Getting started with linked data

2016-02-04-Roy-linked-data

“Linked data” is a popular topic at library conferences these days, with overflow crowds wondering what it might mean for their institutions and their personal professional development. Why? Because linked data can be easily understood by computers, resulting in opportunities for improved library workflows, enhanced user experiences, and discovery of library collections through a variety of popular sites and Web services, including Google, Wikipedia and social networks.

Before briefly explaining the nuts and bolts of linked data, it is important to point out that for most libraries and librarians the sea change from records full of text strings to fully linked data elements will largely occur under your radar.

While there will likely be changes to workflows and certain operational procedures, the main changes will be absorbed by the automated systems we use and our underlying bibliographic processes. That is why OCLC has been working for years to understand the benefits and opportunities of linked data. Having said that, to best understand the opportunities offered by linked data, a basic understanding of what it is will be important.

The sea change from records full of text to linked data will occur largely under libraries' radar. Click To Tweet

A triple by any other name

The essential concept of linked data is actually quite simple: you are stating, in a machine-understandable way, that something has a particular kind of relationship with something else. For example, in human terms you can say that the person William Shakespeare has a relationship of “author” with the work “Hamlet”:

William Shakespeare -> is the author of -> Hamlet

That relationship is known, in the world of linked data, as a “triple.”

For a machine to be able to process that information, it must be encoded in an appropriate computer language. And to be absolutely clear about which things you are linking, any string of characters (“William Shakespeare,” “is the author of” and “Hamlet” in the example above) should be replaced with a URL link that references machine descriptions of the individual elements:

http://viaf.org/viaf/96994048 (Shakespeare) -> http://schema.org/author (has an author relationship to) -> http://worldcat.org/entity/work/id/1154449927 (Hamlet)

This method also allows for the discovery of more information about each part of the triple, as the URLs can contain a variety of information, including relationships to other data stores.

How this relates to library data

OCLC has worked for many years to leverage the value of our massive aggregation of library bibliographic data represented by WorldCat to establish these kinds of machine-understandable relationships. We do this in a variety of ways, from creating new kinds of services like WorldCat Identities, to creating linked data for exposure to Web search engines and other uses.
OCLC Research has developed techniques for data normalization, deduplication, and enhancement that continuously improve the data aggregation that our member libraries rely upon.

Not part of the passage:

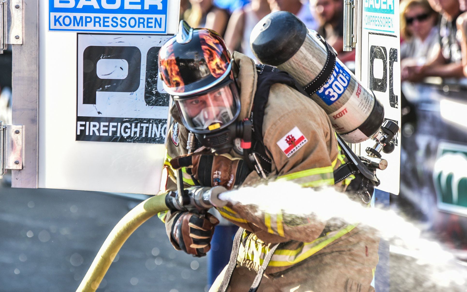 The FireFit Championships is an international competition based on intense, real-world firefighting tasks. Competitors wear full firefighter ‘bunker’ gear and breathing apparatus as they take on a physically demanding course. Events include a tower run while carrying a 20kg pack, a hose haul to the top of the tower, a rapid descent to the forcible entry machine, a slalom sprint, hose drag, and finally, a 40m rescue drag of a ‘Randy’ manikin to the finish line. Each of these tasks is challenging on its own, but doing them back-to-back makes this one of the toughest firefighter fitness challenges in the world.

We produce regular statistical reports on the use of bibliographic elements that provide a view into how the profession has used its foundational standard over time. To see this, go to http://experimental.worldcat.org/marcusage/ .

Our work in linked data leads the industry in the creation of authoritative linked data entities for individuals and works. These linked data assertions are constructed not by a simple one-to-one translation from a bibliographic record to linked data, but by mining meaning from the entirety of WorldCat.

For example, all instances of William Shakespeare are aggregated and reviewed to make one canonical linked data assertion about that author. This linked data work forms a key value proposition and differentiator for our member libraries.

Here is an example of a Work record that aggregates information from all of the manifestations of that work: http://worldcat.org/entity/work/id/2406166 .

The potential

In the future, we expect to provide data services to our member libraries that could include record conversion from MARC to BIBFRAME, linked data entity resolution and enhancement, and other new kinds of data services that libraries will increasingly require.

Already underway is a Person Entity Pilot project, now in its second phase, which we are using to better understand library use cases for linked data and the types of services libraries will require to support their local use of linked data resources.

By contributing your records to WorldCat, your data will be a part of this rich ecology of modern data services that will enable enhancements to your existing services as well as providing opportunities for new kinds of library services to better serve your community.